These days, virtual crate-digging has largely replaced physical trawling through record bins for many people – me included. There are still amazing record shops (and new ones too – see my previous post on #RSD2024), but independent artists and labels have also found new ways of reaching listeners in the. past decade or so. Bandcamp, Soundcloud – even F**ebook – throw up new and interesting oddfinds. Online versions of traditional ‘high street’ record stores too.

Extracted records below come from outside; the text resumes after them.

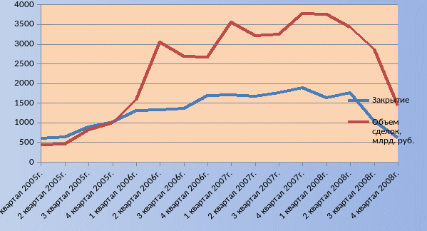 1350 млрд. рублей). После кризиса рынок начинает постепенно оживать, объем сделок начинает расти и в третьем квартале 2009 года достигает 3870 млрд. рублей (до кризиса максимальный объем сделок был равен 3510 млрд. рулей).
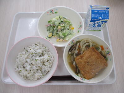 いりこなめし、牛乳、きつねうどん、味噌マヨネーズサラダ
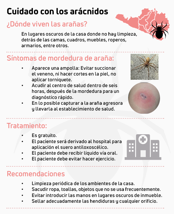 “El veneno de la araña casera es mortal, sino recibimos el tratamiento oportuno y adecuado”, reiteró el especialista de la Gerencia Regional de Salud. Además, Carlos Gonzales recomendó hacer la limpieza constante a los muebles y sacudir las prendas de vestir guardadas después de tiempo.

One of these labels is Warm Agency – “an independent booking agency, record label and online record shop…” based in Poole in Dorset, UK. They put their money where their mouths are, supporting and publishing an interesting and varied roster of artists, as well as specialising in compilations and re-issues through its label, RE:WARM. It was one of those compilations that drew me in, and this is one of the oddfinds in this two-part post.
WARM is geeky, eclectic and committed to bringing gems to light that have been overlooked and/or forgotten. You can find Warm on Bandcamp, but they also have their own online shop (RS:WARM). I like it because has a the feel of an old-fashioned couple of record bins you might have found in the corner of a backstreet shop somewhere. You know, where all the records have those plastic sleeves on them, and the shop sells lots of other stuff too (dog-eared books, beanie hats, manga comics, second-hand clothes that smell of weed, boogie boards, pendants and crystals). In reality, their online shop carries old UK soul classics, books, T shirts, 12'' re-releases and brand new albums from artists on the WARM roster. And these oddfind compilations too, full of ‘new to you’ music. What more could you want?
oddfinds #3.1 FOLK FUNK - Trippy Troubadours Volume One
With a lot of oddfinds, there are stories to be told and connections to be found and followed, together with intriguing people who pop up and who lead you us down yet another rabbit hole. One of these people is Paul Hillery. Paul (or pH as he is also know) has an intriguing music blog – and he is much more of a music geek than me.1
Paul searches, compiles, curates, creates, deejays and remixes. His work is utterly driven by love for the music he’s finding and, with labels like WARM, committing to disc and vinyl. As the blurb for this wonderful compilation says: “Paul is a hugely respected collector of private press obscurities, lost loner folk, strange musical fauna and intricately played floral powered wonders.” I’d like to talk with him one day, but until I do, this paean to his meticulous labour of love will have to suffice.2
FOLK FUNK - Trippy Troubadours Volume One is, as the title suggests, the first of two (so far) compilations of what loosely comes under the heading of folk-funk. But, as Paul himself points out in the sleeve notes to the first volume, the genre thing is “tricky to put a finger on …I added ‘& Trippy Troubadours’ to give me a little wiggle room from the genre police”.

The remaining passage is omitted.